Material provided:
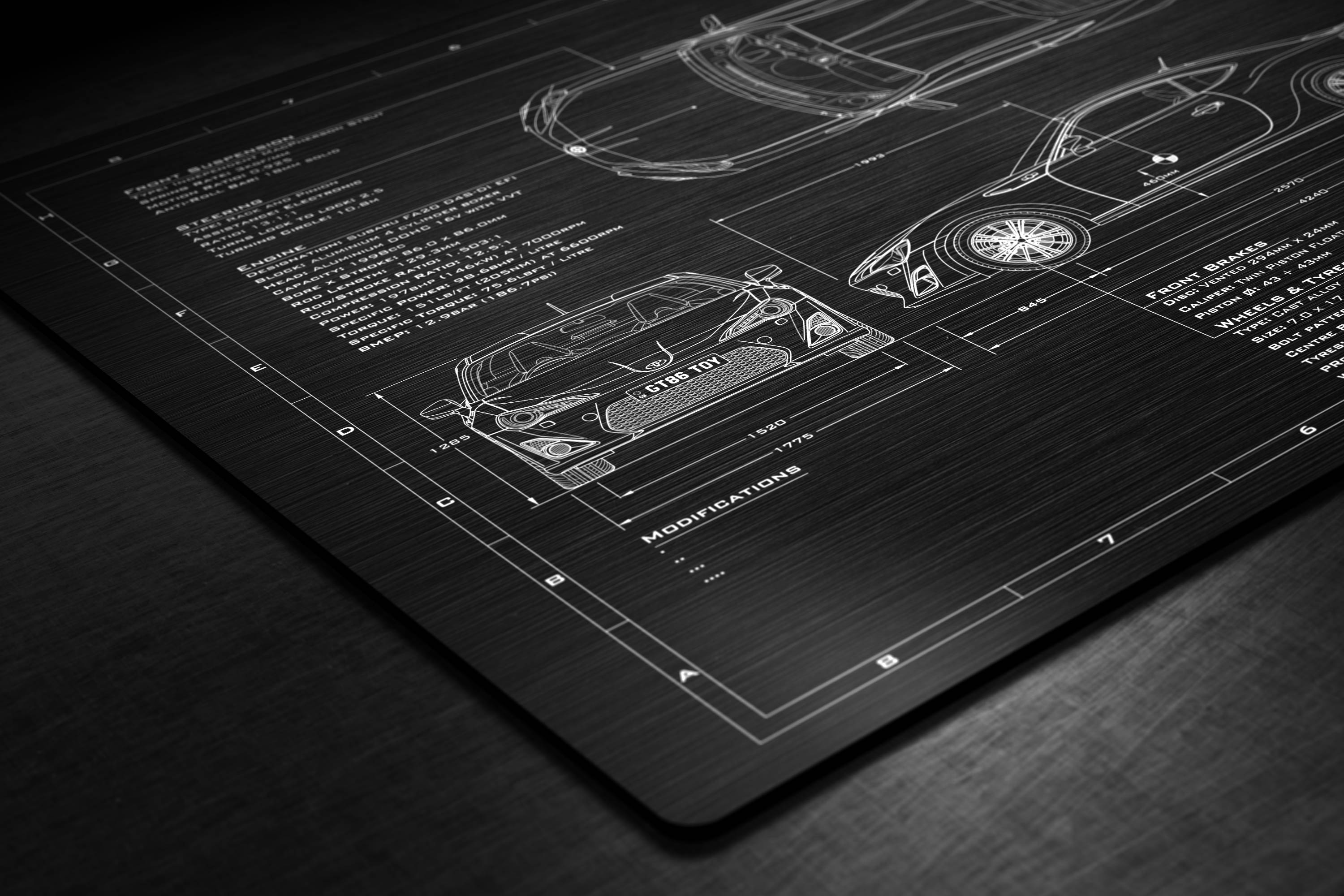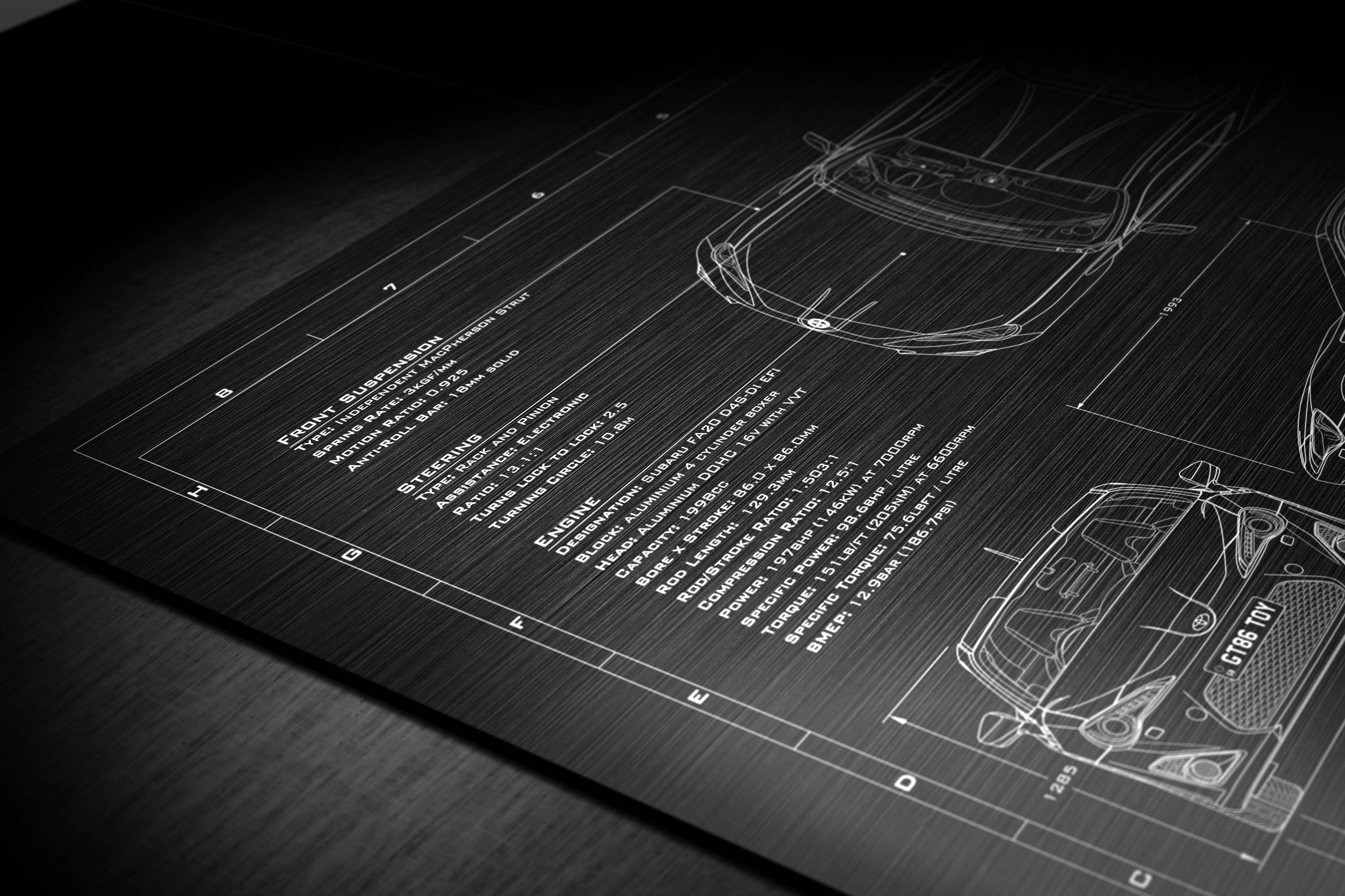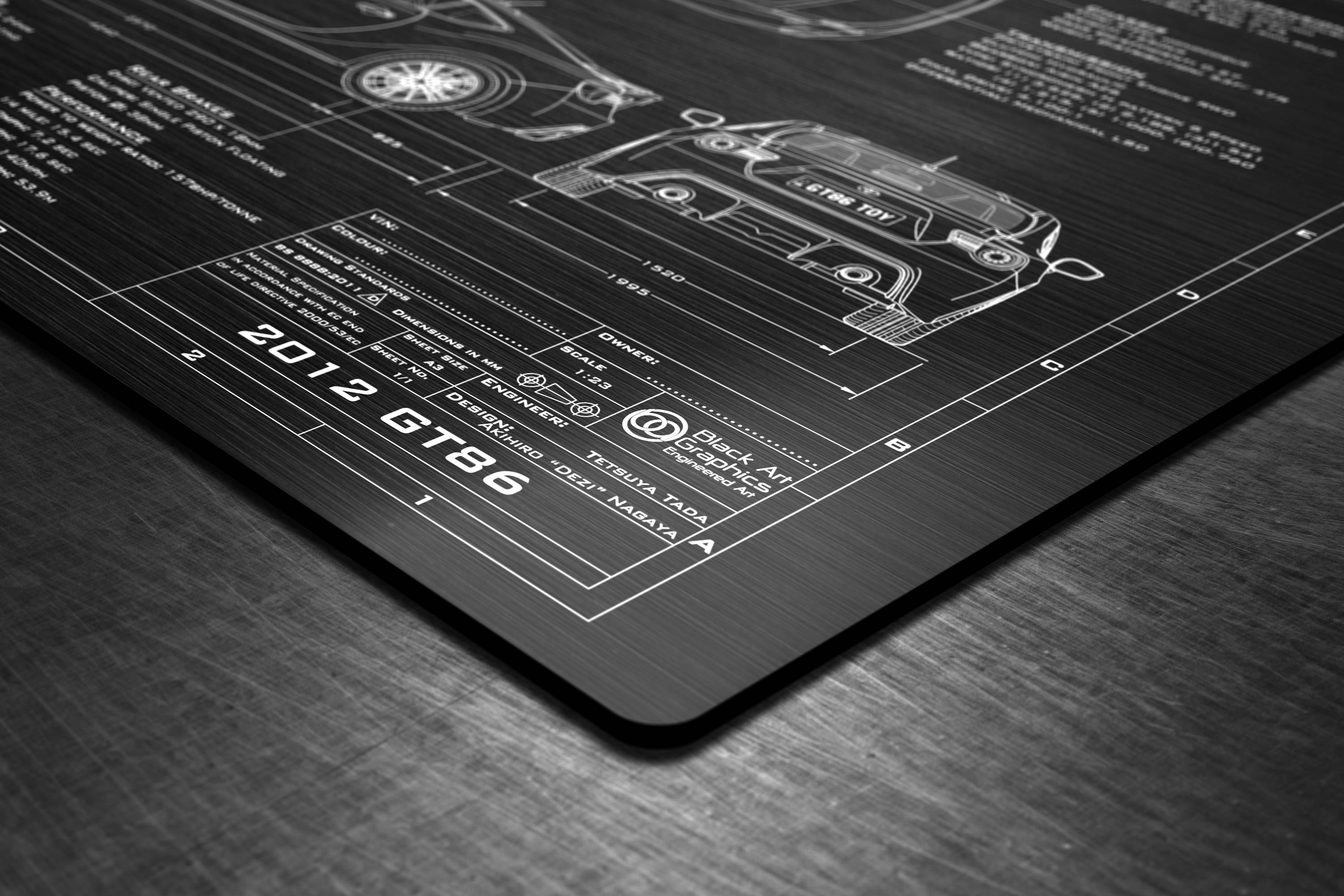 Laser Engraved 2013-2017 GT-86 Blueprint
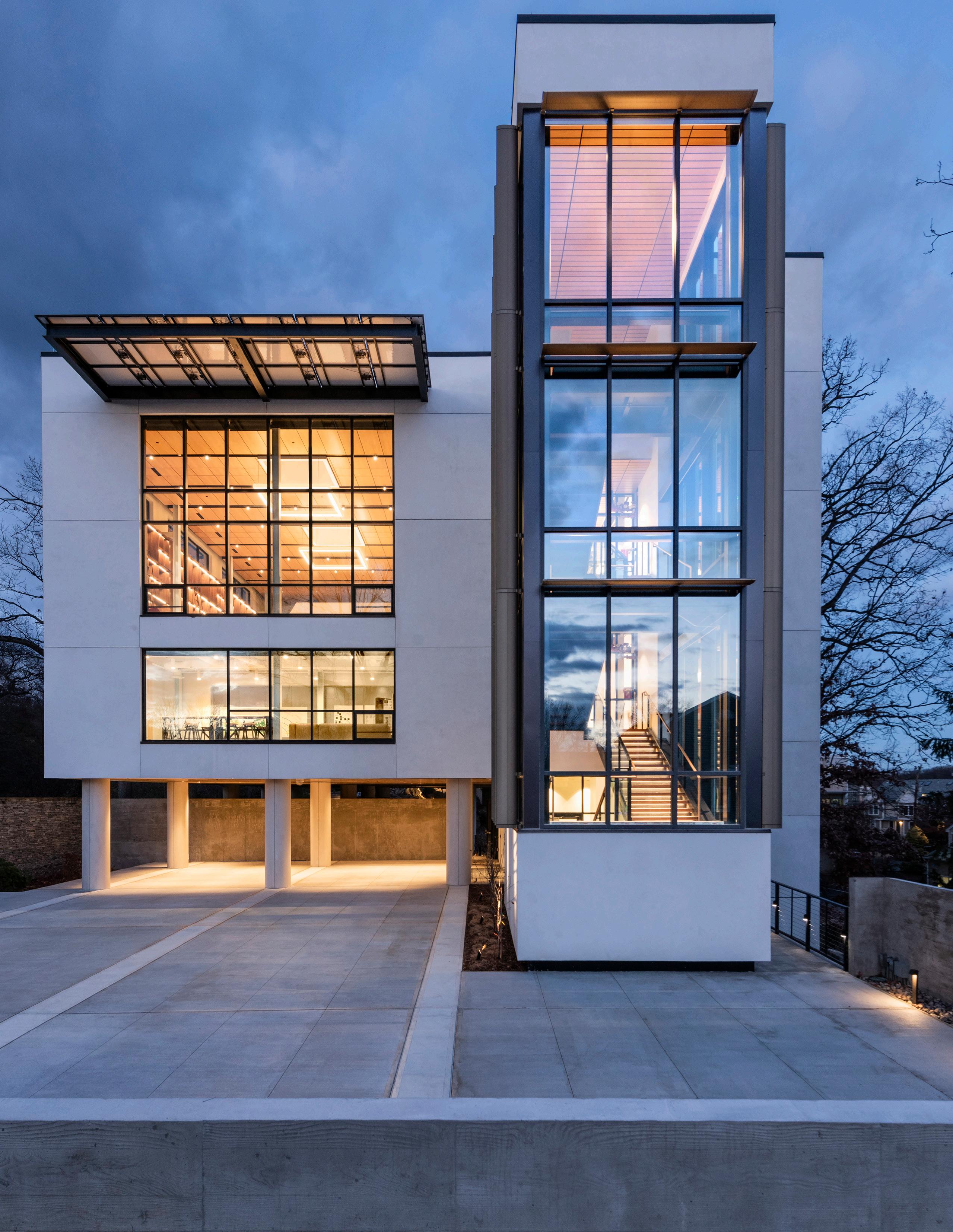 Photo: Paul Godwin Photo: Paul Godwin Photo: Paul GodwinThe building sits perched lightly upon ‘piloti’ columns above an ancient granite slab, and is affectionately called the “The House Upon the Hill” by the client and visionary behind the project. Simple in plan, simple in section, and elegant in execution, the building is designed to nestle into its landscape. Modern in its aesthetic, yet deeply biophilic in its experience, the project provides connection to nature at every turn, with each interior space linked to the outside from at least three orientations. The senses are fully engaged as one walks through the project, encountering the sounds of water falling, the touch of living plants and green walls, the sights of carefully controlled daylight, and the feeling of prospect and refuge offered on every floor.
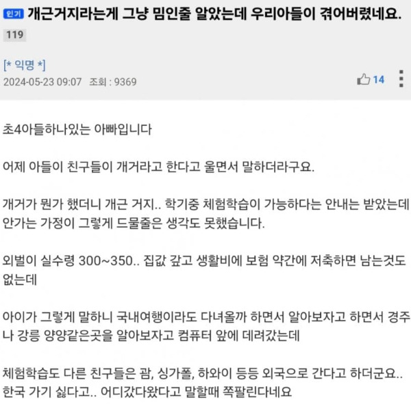내가 살고 있는 사회가 초등학생까지 서로 비교하고, 혐오하고, 차별하는 망한 곳이라고 믿게 되는 게 무슨 도움이 되는지 의문입니다.
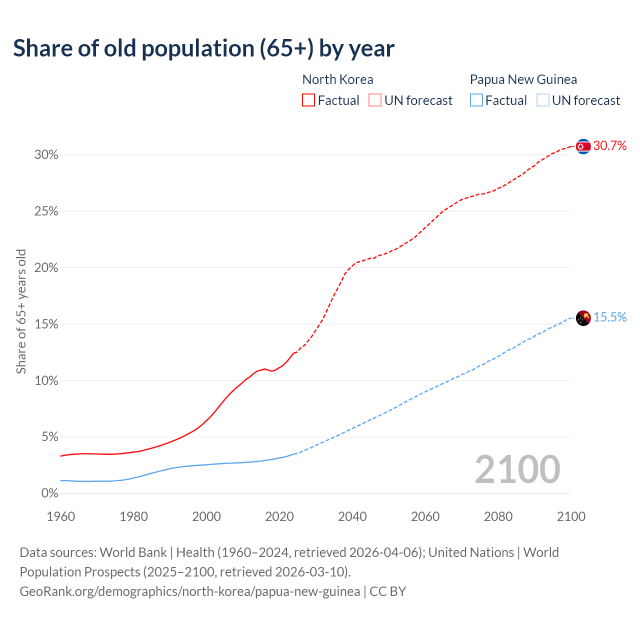 The share of older people aged 65 and over is 12.4% in North Korea and 3.46% in Papua New Guinea. Life expectancy in North Korea compared to Papua New Guinea .
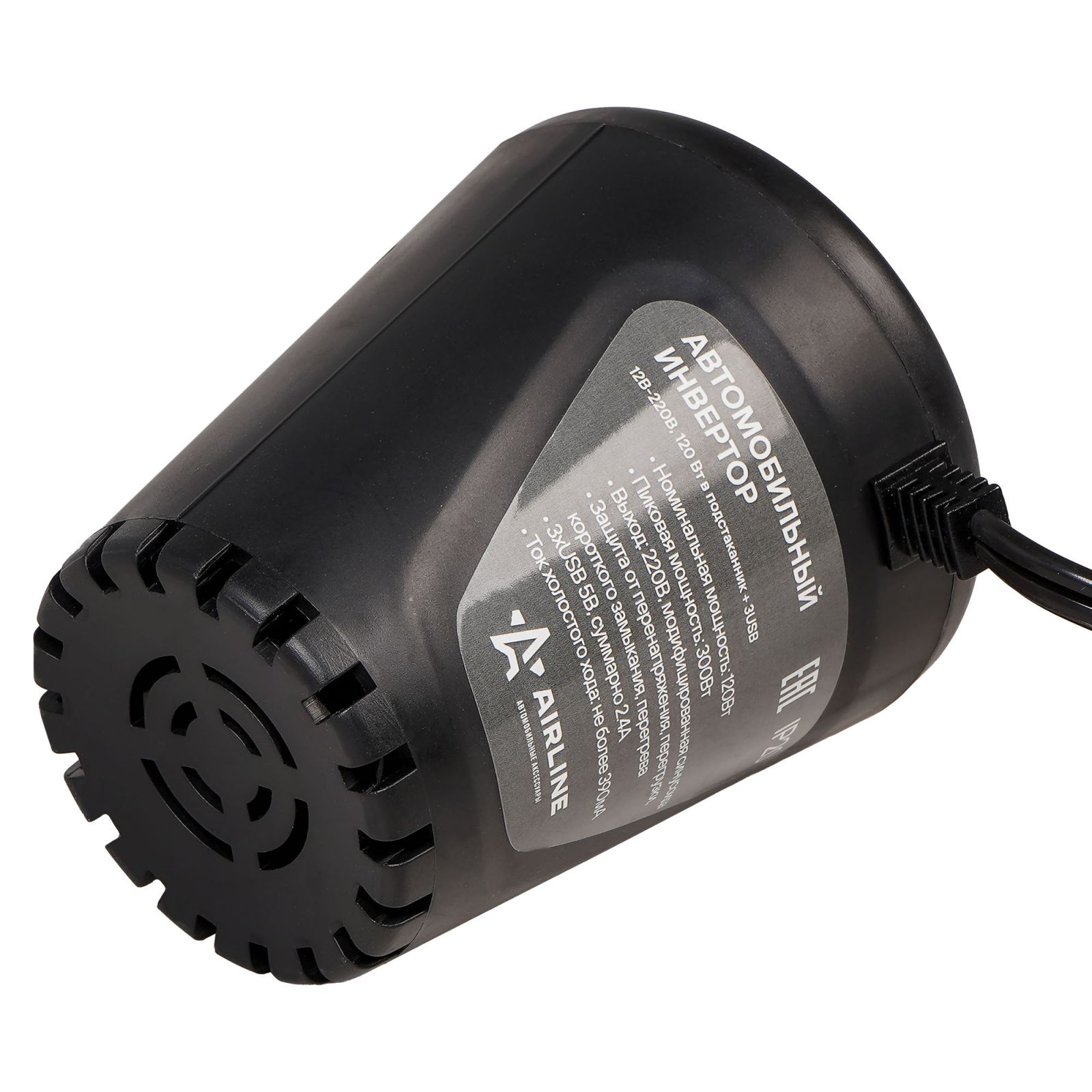 Инвертор автомобильный 12В-220В, 120 Вт в подстаканник + 3USB (API-120-00)

Exercise requirements:
Pictures are not part of the answer, which must be the exact lines from the one holding "The share of" through the end of the material, both ends included.

Response to the exercise:
 The share of older people aged 65 and over is 12.4% in North Korea and 3.46% in Papua New Guinea. Life expectancy in North Korea compared to Papua New Guinea .
 Инвертор автомобильный 12В-220В, 120 Вт в подстаканник + 3USB (API-120-00)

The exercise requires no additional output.